I found Writing Documentation Using DocBook: A Crash Course to be an effective tutorial on DocBook markup. For reference, an older version of DocBook: The Definitive Guide is available. It seems to be up to date enough for creating DocBook 4.5 documents.

Version

The most recent version of DocBook is 5.0. However, we are using DocBook 4.5. This is because the normative definition of DocBook 5.0 is in Relax NG. The DTD definition is still being finalized. Because of this, most of the tools discussed below, which operate of off XML DTDs, are unhappy with DocBook 5.0 documents.

Tools

DocBook DTD

We use a local copy of the DocBook 4.5 DTD as retreived from the DocBook home page. This is described in more detail below.

DocBook Stylesheets

The DocBook definition includes an extensive set of XSLT style sheets. The stylesheets have many parameters that control the transformations. The documentation for the stylesheets can be found on sourceforge.

Saxon

We use the Saxon XSLT processor to apply style sheets to the DocBook documents.
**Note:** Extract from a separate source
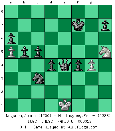 Last move : 0-1 2007 April 5 1:38:57 [Event "FICGS__CHESS__RAPID_C__000022"] [Site "FICGS"] [Date "2007.02.12"] [Round "1"] [White "Noguera,James"] [Black "Willoughby,Peter"] [Result "0-1"] [WhiteElo "1200"] [BlackElo "1338"] 1.e4 e6 2.Nf3 d5 3.d3 c5 4.Nc3 Nc6 5.Be2 Nf6 6.Bf4 Bd6 7.e5 d4 8.Nb1 Nd5 9.Qd2 Bc7 10.O-O O-O 11.c3 Nxf4 12.Qxf4 f6 13.h4 Nxe5 14.Nbd2 Nxd3 15.Qe4 Nxb2 16.h5 Na4 17.h6 f5 18.Qc2 Nxc3 19.Bd3 Rf6 20.hxg7 a6 21.a4 Bd6 22.Nc4 e5 23.Ncxe5 Qe8 24.Rfe1 Qh5 25.Qd2 Rh6 26.Bc4+ Kxg7 27.Qxh6+ Qxh6 28.g3 f4 29.g4 b6 30.Bf1 Qf6 31.a5 b5 32.Bd3 Bxe5 33.Nxe5 Bb7 34.f3 Re8 35.Nd7 Rxe1+ 36.Rxe1 Qh4 37.Re5 Qg3+ 38.Kf1 Qxf3+ 39.Ke1 Qxd3 40.Re7+ Kg8 41.Nf6+ Kf8 42.Re8+ Kg7 43.Nh5+ Kf7 44.Re5 Be4 45.Rxe4 Qxe4+ 0-1 French defense Kingside Castling by player White (move 10) Kingside Castling by player Black (move 10) Player Black won this chess game. Follow this game move after move (download)The passed Pawn is a criminal, who should be kept under lock and key. Mild measures, such as police surveillance, are not sufficient. (Aaron Nimzovich) Wer mein Gambit spielt, muß bereit sein, alle Brücken hinter sich abzubrechen. Es verändert den ganzen Menschen. Es wirkt wie ein Zauberstab und fördert verkümmerte, gute Charakter- eigenschaften wieder zu Tage. (Emil Joseph Diemer) Realmente no sabemos como el juego fue inventado, aunque hay sospechas. Tan pronto como descubramos a los culpables, se los haremos saber. (Bruce Pandolfini) En blitz, le Cavalier l'emporte sur le Fou. (Vlastimil Hort) Somehow our devils are never quite what we expect when we meet them face to face. (Nelson DeMille)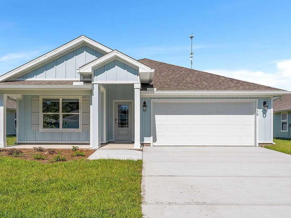Move in ready home is located at 170 Cades Court in Palmetto Bluff, a new subdivision in Port St. Joe, Florida. This home is situated on an interior lot. As you enter this 4 bedroom, 2 bath Cali floor plan, you will be greeted with spacious living. Inside you will see 8' ceilings throughout, engineered vinyl plank flooring throughout the home including the bedrooms. Beautiful granite countertops, white cabinetry and a spacious open living room and kitchen make this home perfect for having guests over. The kitchen has a large center island with cabinets underneath, ideal for serving food and extra storage. The kitchen also has a spacious pantry, and the stainless-steel appliances include smooth top range, microwave, and dishwasher.

This is a 100% Java implementation of XSLT, so we can run it from Ant scripts on various platforms. We currently use Saxon 6.5.5 even though the most recent version of Saxon is 9.1.0.5 because the most recent versions of Saxon process XSLT 2.0 documents. The DocBook XSLT documents are XSLT 1.0 applications. Saxon 6.5.5 is the most recent stable release of the XSLT 1.0 processor.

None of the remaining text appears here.